**PROBLEM DESCRIPTION:** All of the data below should be written out exactly.

**INFORMATION SUPPLIED:**

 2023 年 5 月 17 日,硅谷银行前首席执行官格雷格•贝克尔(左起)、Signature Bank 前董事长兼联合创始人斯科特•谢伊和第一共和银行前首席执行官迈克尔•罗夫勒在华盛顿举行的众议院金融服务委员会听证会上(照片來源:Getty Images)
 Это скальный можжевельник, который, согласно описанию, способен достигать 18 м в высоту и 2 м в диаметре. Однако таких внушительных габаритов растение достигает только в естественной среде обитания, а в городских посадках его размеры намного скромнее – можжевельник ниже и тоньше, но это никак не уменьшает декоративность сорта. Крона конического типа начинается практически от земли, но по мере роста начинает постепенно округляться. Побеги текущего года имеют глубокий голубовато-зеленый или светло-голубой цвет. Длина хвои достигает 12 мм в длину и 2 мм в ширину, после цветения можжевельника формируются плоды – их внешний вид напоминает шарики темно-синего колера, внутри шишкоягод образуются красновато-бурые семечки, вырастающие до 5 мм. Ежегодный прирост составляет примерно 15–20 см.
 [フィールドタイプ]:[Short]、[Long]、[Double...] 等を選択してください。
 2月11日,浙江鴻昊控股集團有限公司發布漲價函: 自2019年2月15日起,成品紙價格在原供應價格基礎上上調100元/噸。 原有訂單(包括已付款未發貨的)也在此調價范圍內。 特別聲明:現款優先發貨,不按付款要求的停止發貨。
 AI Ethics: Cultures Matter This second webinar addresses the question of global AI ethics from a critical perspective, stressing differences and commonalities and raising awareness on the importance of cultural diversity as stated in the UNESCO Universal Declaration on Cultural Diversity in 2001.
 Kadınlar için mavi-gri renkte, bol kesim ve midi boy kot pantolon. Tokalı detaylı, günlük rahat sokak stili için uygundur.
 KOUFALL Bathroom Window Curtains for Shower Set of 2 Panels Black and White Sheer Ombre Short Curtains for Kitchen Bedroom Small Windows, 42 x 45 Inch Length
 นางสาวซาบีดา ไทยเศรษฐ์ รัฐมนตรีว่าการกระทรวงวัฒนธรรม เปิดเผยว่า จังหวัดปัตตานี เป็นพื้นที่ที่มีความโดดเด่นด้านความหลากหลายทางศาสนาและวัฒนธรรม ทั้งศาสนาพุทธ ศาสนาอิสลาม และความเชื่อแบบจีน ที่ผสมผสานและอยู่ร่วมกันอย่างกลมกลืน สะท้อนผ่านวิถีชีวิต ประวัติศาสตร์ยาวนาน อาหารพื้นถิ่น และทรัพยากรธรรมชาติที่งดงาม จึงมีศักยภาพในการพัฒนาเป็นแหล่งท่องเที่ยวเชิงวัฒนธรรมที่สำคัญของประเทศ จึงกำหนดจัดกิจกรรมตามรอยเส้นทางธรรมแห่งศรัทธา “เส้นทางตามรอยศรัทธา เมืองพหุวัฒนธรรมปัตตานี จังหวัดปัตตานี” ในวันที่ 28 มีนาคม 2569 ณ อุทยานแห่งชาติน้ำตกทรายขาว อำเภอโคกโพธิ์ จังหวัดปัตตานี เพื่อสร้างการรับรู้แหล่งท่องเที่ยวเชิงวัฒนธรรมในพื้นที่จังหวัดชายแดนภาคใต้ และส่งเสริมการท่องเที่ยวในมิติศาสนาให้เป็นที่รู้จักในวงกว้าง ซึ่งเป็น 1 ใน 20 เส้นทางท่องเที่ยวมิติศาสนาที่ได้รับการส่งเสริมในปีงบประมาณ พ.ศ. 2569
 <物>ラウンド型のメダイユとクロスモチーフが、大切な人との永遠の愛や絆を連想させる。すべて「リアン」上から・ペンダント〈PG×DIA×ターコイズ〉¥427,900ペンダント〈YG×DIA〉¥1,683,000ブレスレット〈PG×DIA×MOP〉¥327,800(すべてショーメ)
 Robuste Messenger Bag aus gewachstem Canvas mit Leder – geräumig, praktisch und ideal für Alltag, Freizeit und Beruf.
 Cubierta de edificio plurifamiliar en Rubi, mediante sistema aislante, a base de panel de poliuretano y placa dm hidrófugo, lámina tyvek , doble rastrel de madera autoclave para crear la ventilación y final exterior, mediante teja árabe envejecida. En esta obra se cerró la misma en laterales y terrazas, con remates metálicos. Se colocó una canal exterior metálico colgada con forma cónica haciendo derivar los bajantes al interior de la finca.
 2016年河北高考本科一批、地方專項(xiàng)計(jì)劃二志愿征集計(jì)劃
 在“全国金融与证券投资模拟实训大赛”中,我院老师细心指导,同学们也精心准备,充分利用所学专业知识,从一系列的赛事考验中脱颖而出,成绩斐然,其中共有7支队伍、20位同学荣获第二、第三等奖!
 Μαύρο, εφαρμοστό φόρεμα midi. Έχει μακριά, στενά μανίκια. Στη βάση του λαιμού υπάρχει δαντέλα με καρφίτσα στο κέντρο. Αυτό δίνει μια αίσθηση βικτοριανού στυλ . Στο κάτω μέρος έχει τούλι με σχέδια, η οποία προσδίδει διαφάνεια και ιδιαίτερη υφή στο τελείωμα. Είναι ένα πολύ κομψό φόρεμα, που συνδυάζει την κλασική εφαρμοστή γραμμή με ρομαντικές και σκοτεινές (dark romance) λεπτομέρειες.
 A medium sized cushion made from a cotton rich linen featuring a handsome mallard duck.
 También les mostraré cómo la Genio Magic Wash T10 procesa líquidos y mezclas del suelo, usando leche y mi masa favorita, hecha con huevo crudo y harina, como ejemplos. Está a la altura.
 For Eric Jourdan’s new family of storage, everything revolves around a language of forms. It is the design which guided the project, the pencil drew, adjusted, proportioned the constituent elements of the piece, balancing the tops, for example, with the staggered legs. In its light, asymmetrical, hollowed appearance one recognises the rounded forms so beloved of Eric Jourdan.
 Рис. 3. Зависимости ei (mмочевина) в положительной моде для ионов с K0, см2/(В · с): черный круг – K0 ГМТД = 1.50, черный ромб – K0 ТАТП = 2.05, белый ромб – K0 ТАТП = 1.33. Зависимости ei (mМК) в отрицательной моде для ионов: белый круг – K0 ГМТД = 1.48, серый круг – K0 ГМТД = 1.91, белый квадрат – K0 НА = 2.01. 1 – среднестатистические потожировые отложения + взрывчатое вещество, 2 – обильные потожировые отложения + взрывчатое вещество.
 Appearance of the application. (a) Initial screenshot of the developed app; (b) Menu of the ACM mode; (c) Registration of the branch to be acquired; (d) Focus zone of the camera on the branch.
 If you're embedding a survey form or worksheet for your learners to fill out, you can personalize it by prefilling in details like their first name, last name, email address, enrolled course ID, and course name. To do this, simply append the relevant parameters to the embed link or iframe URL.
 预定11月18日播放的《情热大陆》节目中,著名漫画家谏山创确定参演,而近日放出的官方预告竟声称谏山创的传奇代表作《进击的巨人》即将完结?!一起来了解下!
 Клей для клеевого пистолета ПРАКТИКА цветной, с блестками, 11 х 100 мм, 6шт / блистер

**OUTPUT FOR THIS TASK:**
 2023 年 5 月 17 日,硅谷银行前首席执行官格雷格•贝克尔(左起)、Signature Bank 前董事长兼联合创始人斯科特•谢伊和第一共和银行前首席执行官迈克尔•罗夫勒在华盛顿举行的众议院金融服务委员会听证会上(照片來源:Getty Images)
 Это скальный можжевельник, который, согласно описанию, способен достигать 18 м в высоту и 2 м в диаметре. Однако таких внушительных габаритов растение достигает только в естественной среде обитания, а в городских посадках его размеры намного скромнее – можжевельник ниже и тоньше, но это никак не уменьшает декоративность сорта. Крона конического типа начинается практически от земли, но по мере роста начинает постепенно округляться. Побеги текущего года имеют глубокий голубовато-зеленый или светло-голубой цвет. Длина хвои достигает 12 мм в длину и 2 мм в ширину, после цветения можжевельника формируются плоды – их внешний вид напоминает шарики темно-синего колера, внутри шишкоягод образуются красновато-бурые семечки, вырастающие до 5 мм. Ежегодный прирост составляет примерно 15–20 см.
 [フィールドタイプ]:[Short]、[Long]、[Double...] 等を選択してください。
 2月11日,浙江鴻昊控股集團有限公司發布漲價函: 自2019年2月15日起,成品紙價格在原供應價格基礎上上調100元/噸。 原有訂單(包括已付款未發貨的)也在此調價范圍內。 特別聲明:現款優先發貨,不按付款要求的停止發貨。
 AI Ethics: Cultures Matter This second webinar addresses the question of global AI ethics from a critical perspective, stressing differences and commonalities and raising awareness on the importance of cultural diversity as stated in the UNESCO Universal Declaration on Cultural Diversity in 2001.
 Kadınlar için mavi-gri renkte, bol kesim ve midi boy kot pantolon. Tokalı detaylı, günlük rahat sokak stili için uygundur.
 KOUFALL Bathroom Window Curtains for Shower Set of 2 Panels Black and White Sheer Ombre Short Curtains for Kitchen Bedroom Small Windows, 42 x 45 Inch Length
 นางสาวซาบีดา ไทยเศรษฐ์ รัฐมนตรีว่าการกระทรวงวัฒนธรรม เปิดเผยว่า จังหวัดปัตตานี เป็นพื้นที่ที่มีความโดดเด่นด้านความหลากหลายทางศาสนาและวัฒนธรรม ทั้งศาสนาพุทธ ศาสนาอิสลาม และความเชื่อแบบจีน ที่ผสมผสานและอยู่ร่วมกันอย่างกลมกลืน สะท้อนผ่านวิถีชีวิต ประวัติศาสตร์ยาวนาน อาหารพื้นถิ่น และทรัพยากรธรรมชาติที่งดงาม จึงมีศักยภาพในการพัฒนาเป็นแหล่งท่องเที่ยวเชิงวัฒนธรรมที่สำคัญของประเทศ จึงกำหนดจัดกิจกรรมตามรอยเส้นทางธรรมแห่งศรัทธา “เส้นทางตามรอยศรัทธา เมืองพหุวัฒนธรรมปัตตานี จังหวัดปัตตานี” ในวันที่ 28 มีนาคม 2569 ณ อุทยานแห่งชาติน้ำตกทรายขาว อำเภอโคกโพธิ์ จังหวัดปัตตานี เพื่อสร้างการรับรู้แหล่งท่องเที่ยวเชิงวัฒนธรรมในพื้นที่จังหวัดชายแดนภาคใต้ และส่งเสริมการท่องเที่ยวในมิติศาสนาให้เป็นที่รู้จักในวงกว้าง ซึ่งเป็น 1 ใน 20 เส้นทางท่องเที่ยวมิติศาสนาที่ได้รับการส่งเสริมในปีงบประมาณ พ.ศ. 2569
 <物>ラウンド型のメダイユとクロスモチーフが、大切な人との永遠の愛や絆を連想させる。すべて「リアン」上から・ペンダント〈PG×DIA×ターコイズ〉¥427,900ペンダント〈YG×DIA〉¥1,683,000ブレスレット〈PG×DIA×MOP〉¥327,800(すべてショーメ)
 Robuste Messenger Bag aus gewachstem Canvas mit Leder – geräumig, praktisch und ideal für Alltag, Freizeit und Beruf.
 Cubierta de edificio plurifamiliar en Rubi, mediante sistema aislante, a base de panel de poliuretano y placa dm hidrófugo, lámina tyvek , doble rastrel de madera autoclave para crear la ventilación y final exterior, mediante teja árabe envejecida. En esta obra se cerró la misma en laterales y terrazas, con remates metálicos. Se colocó una canal exterior metálico colgada con forma cónica haciendo derivar los bajantes al interior de la finca.
 2016年河北高考本科一批、地方專項(xiàng)計(jì)劃二志愿征集計(jì)劃
 在“全国金融与证券投资模拟实训大赛”中,我院老师细心指导,同学们也精心准备,充分利用所学专业知识,从一系列的赛事考验中脱颖而出,成绩斐然,其中共有7支队伍、20位同学荣获第二、第三等奖!
 Μαύρο, εφαρμοστό φόρεμα midi. Έχει μακριά, στενά μανίκια. Στη βάση του λαιμού υπάρχει δαντέλα με καρφίτσα στο κέντρο. Αυτό δίνει μια αίσθηση βικτοριανού στυλ . Στο κάτω μέρος έχει τούλι με σχέδια, η οποία προσδίδει διαφάνεια και ιδιαίτερη υφή στο τελείωμα. Είναι ένα πολύ κομψό φόρεμα, που συνδυάζει την κλασική εφαρμοστή γραμμή με ρομαντικές και σκοτεινές (dark romance) λεπτομέρειες.
 A medium sized cushion made from a cotton rich linen featuring a handsome mallard duck.
 También les mostraré cómo la Genio Magic Wash T10 procesa líquidos y mezclas del suelo, usando leche y mi masa favorita, hecha con huevo crudo y harina, como ejemplos. Está a la altura.
 For Eric Jourdan’s new family of storage, everything revolves around a language of forms. It is the design which guided the project, the pencil drew, adjusted, proportioned the constituent elements of the piece, balancing the tops, for example, with the staggered legs. In its light, asymmetrical, hollowed appearance one recognises the rounded forms so beloved of Eric Jourdan.
 Рис. 3. Зависимости ei (mмочевина) в положительной моде для ионов с K0, см2/(В · с): черный круг – K0 ГМТД = 1.50, черный ромб – K0 ТАТП = 2.05, белый ромб – K0 ТАТП = 1.33. Зависимости ei (mМК) в отрицательной моде для ионов: белый круг – K0 ГМТД = 1.48, серый круг – K0 ГМТД = 1.91, белый квадрат – K0 НА = 2.01. 1 – среднестатистические потожировые отложения + взрывчатое вещество, 2 – обильные потожировые отложения + взрывчатое вещество.
 Appearance of the application. (a) Initial screenshot of the developed app; (b) Menu of the ACM mode; (c) Registration of the branch to be acquired; (d) Focus zone of the camera on the branch.
 If you're embedding a survey form or worksheet for your learners to fill out, you can personalize it by prefilling in details like their first name, last name, email address, enrolled course ID, and course name. To do this, simply append the relevant parameters to the embed link or iframe URL.
 预定11月18日播放的《情热大陆》节目中,著名漫画家谏山创确定参演,而近日放出的官方预告竟声称谏山创的传奇代表作《进击的巨人》即将完结?!一起来了解下!
 Клей для клеевого пистолета ПРАКТИКА цветной, с блестками, 11 х 100 мм, 6шт / блистер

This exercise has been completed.